# Canning fish



## luv2farm (Feb 15, 2008)

We have a friend who lets us fish from his catfish pond. I have lots in the freezer---but I'm out of freezer space. He called and said to come back over and "bring the boys fishin' ". I hate to throw fish back!! Does anyone know if you can can fish? 

Steph


----------



## tyusclan (Jan 1, 2005)

Welcome to the forum.

I know it can be done. 

I have a cousin who used to can a lot of mullet every year that was excellent. I don't know how catfish would do, or what the procedure for canning it would be.


----------



## True2Spirit (Apr 21, 2005)

Yes, canning fish is very simple. Just do a search and you'll find the "How To". I've never had canned catfish however. But canned carp is great, it's a mock salmon basically. And pickled fish is a treat !!


----------



## fishhead (Jul 19, 2006)

You should be able to smoke or dry them too.


----------



## BackfourtyMI. (Sep 3, 2007)

I've canned salmon & sucker. I follow my Ball canning book for those but catfish isn't in there. I would probly do about the same way though. Cold pack in pints or half pints, fill jar with water, 1 inch head space, add 1 tsp salt & 1 tsp vinegar and Pressure can for 1 hr & 20 minutes at 10 pounds of pressure is what I would do.
How will you use it after canning?
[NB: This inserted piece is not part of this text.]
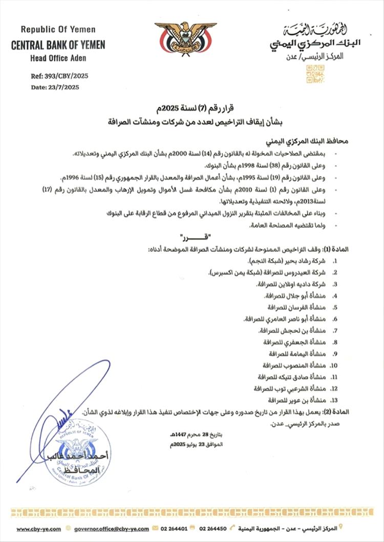 أصدر محافظ البنك المركزي بعدن الأستاذ أحمد أحمد غالب، القرار رقم (7) لسنة 2025، بشأن إيقاف تراخيص عدد من شركات ومنشآت الصرافة المخالفة، استنادًا إلى تقارير النزول الميداني المرفوعة من قطاع الرقابة على البنوك، والتي أثبتت وجود مخالفات جسيمة تستدعي اتخاذ إجراءات قانونية.

I use my salmon for salmon patties or salads, etc.


----------



## squeezinby (Apr 26, 2004)

Yes you can can fish. I found a great book at my local Wal-mart. It's called "Cleaning & Cooking Fish" by The Freshwater Angler. It has just about every way to prepare fish of all kinds. It even has a section on pickleing,canning and Salt preserving. I loved reading it
but I haven't had much chance to try the canning reciepes.


----------